How this breaks systems in the real world:
A Python service was processing large JSON files. It loaded entire files into memory, processed them, and then moved to the next file. Under normal load, this worked. But when processing 100 files concurrently, the service started swapping—the OS moved memory pages to disk because RAM was full. Swapping is 1000x slower than RAM access. The service became unusable, taking minutes to process files that should take seconds. The fix? Process files in chunks, or limit concurrent processing. But the real lesson is: the OS will swap when RAM is full, and swapping kills performance.
What interviewers are really listening for:
They want to hear you think about memory limits, swapping, and how memory allocation actually works. Junior engineers say "just allocate more memory." Senior engineers say "understand your memory footprint, watch for memory leaks, and design for the memory you have, not the memory you wish you had." They're testing whether you know that memory is a finite resource managed by the OS.
I/O and System Calls
What people usually get wrong:
Engineers often think "I/O is just reading and writing files." But I/O includes network calls, database queries, and any operation that waits for something outside your process. The key insight is that I/O is slow compared to CPU operations. A disk read takes milliseconds. A network call can take hundreds of milliseconds. During that time, your CPU is idle. This is why blocking I/O is wasteful—you're paying for a CPU that's doing nothing.
How this breaks systems in the real world:
A web service was making synchronous database calls. Each request would query the database, wait for the response, then return. Under normal load, this worked fine—each request took 50ms. But during a traffic spike, 1000 requests arrived in one second. Each request held a database connection for 50ms. The connection pool (100 connections) was exhausted in 5 seconds. New requests had to wait for connections to free up. Response times went from 50ms to 5 seconds. The fix? Use async I/O or connection pooling with proper limits. But the real lesson is: blocking I/O doesn't scale. You need non-blocking I/O or async I/O to handle high concurrency.
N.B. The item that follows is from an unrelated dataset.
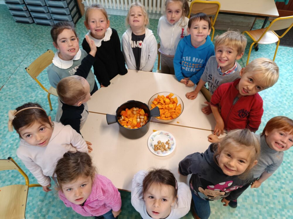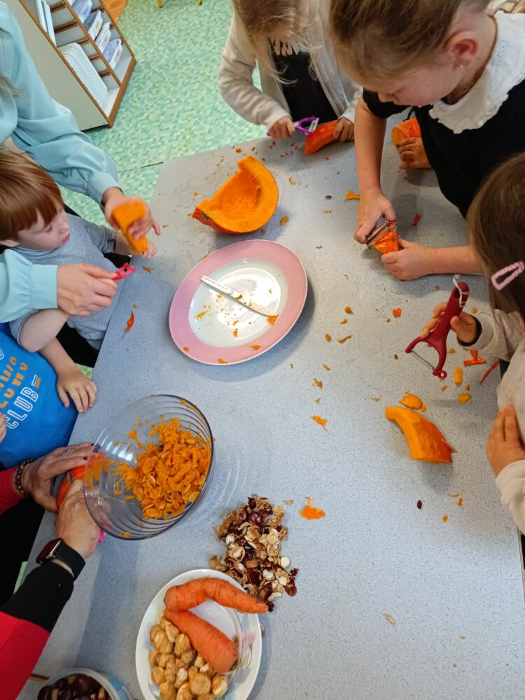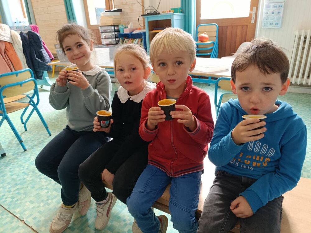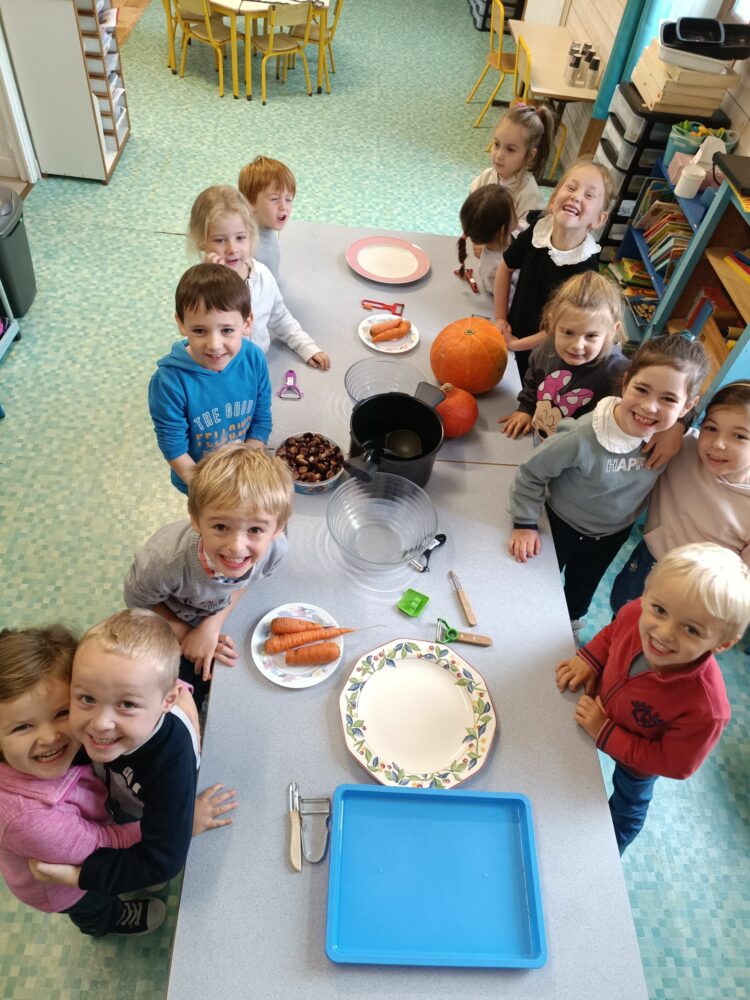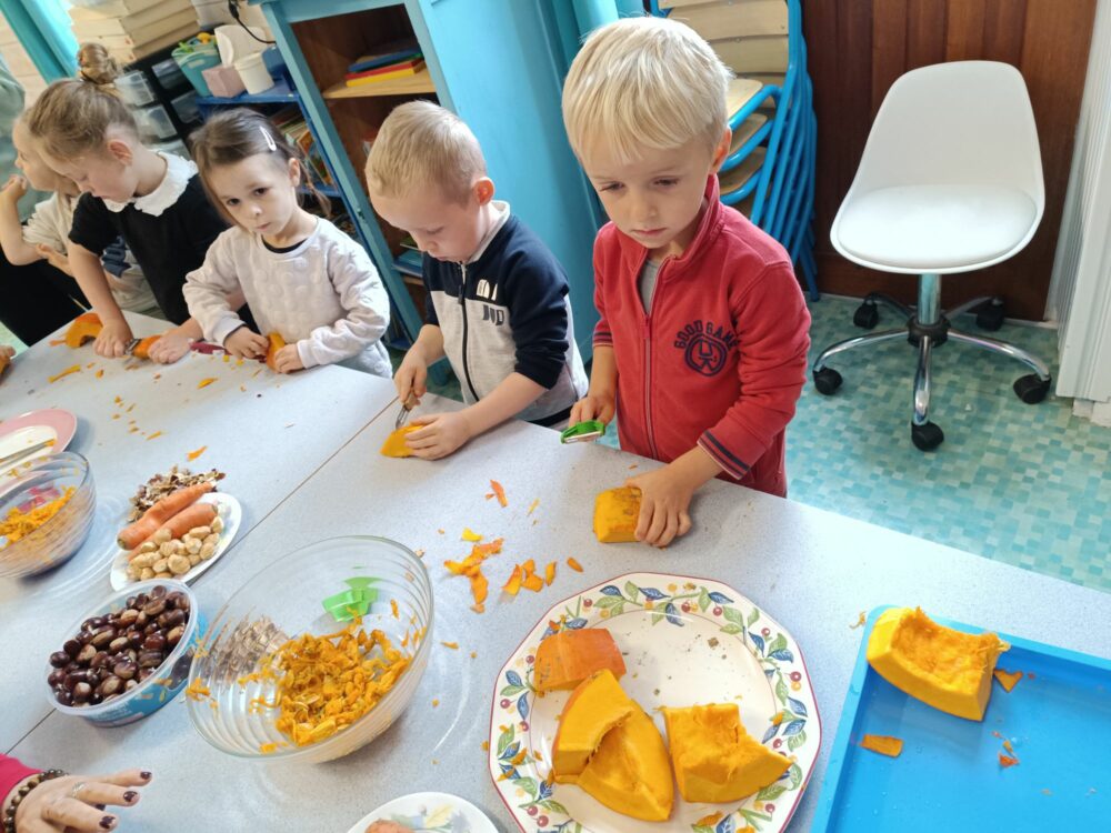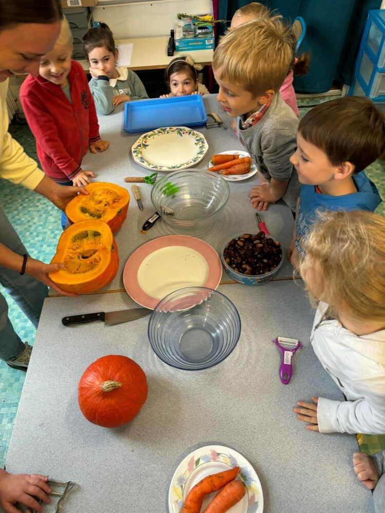 - Jour 2 : Place aux saveurs d’automne avec une soupe de potiron, carottes et châtaignes (ramassées par les enfants !).

What interviewers are really listening for:
They want to hear you talk about blocking vs non-blocking I/O, async patterns, and how I/O waits affect system design. Junior engineers say "just make the calls faster." Senior engineers say "I/O is the bottleneck, use async I/O or connection pooling, and understand that syscalls have overhead." They're testing whether you know that I/O waits are where performance problems hide.
Scheduling and CPU Management
What people usually get wrong:
Engineers often think the CPU scheduler just "runs processes in order." But scheduling is complex. The OS has to balance fairness (every process gets a turn) with throughput (get work done quickly) with latency (respond quickly to interactive tasks). Different scheduling algorithms optimize for different goals. Most modern OSes use "completely fair scheduler" variants that try to balance all three.
How this breaks systems in the real world:
A server was running a batch job (processing logs) and a web API. The batch job was CPU-intensive and ran for hours. The web API needed to respond quickly to requests. Under the default scheduler, the batch job got most of the CPU time because it was always ready to run. The web API requests had to wait, causing high latency. Users complained. The fix? Use CPU affinity or nice values to prioritize the web API. But the real lesson is: the scheduler tries to be fair, but "fair" might not mean "what you want." You need to understand scheduling to tune performance.
What interviewers are really listening for:
They want to hear you think about CPU utilization, context switching overhead, and how scheduling affects latency. Junior engineers say "just use more CPUs." Senior engineers say "understand CPU scheduling, use CPU affinity for critical tasks, and measure context switching overhead." They're testing whether you know that CPU time is a resource that needs to be managed.
Failure Stories You'll Recognize
The Fork Bomb: A script accidentally called itself recursively, spawning new processes in an infinite loop. Each process spawned two more processes. Within seconds, the server had thousands of processes competing for CPU time. The system became unresponsive. The fix? Kill the parent process, or reboot. The lesson? Process creation is cheap, but unlimited process creation will kill your system. Always have limits.
The Memory Leak That Looked Like a Feature: A service was "working fine" for months, then suddenly started crashing with out-of-memory errors. Investigation showed that the service was slowly leaking memory—allocating memory but not freeing it. The leak was small (a few KB per request), so it took months to fill up RAM. But once RAM was full, the OS started swapping, and performance died. The fix? Find and fix the leak. The lesson? Memory leaks are sneaky. They don't show up until it's too late. Always monitor memory usage over time.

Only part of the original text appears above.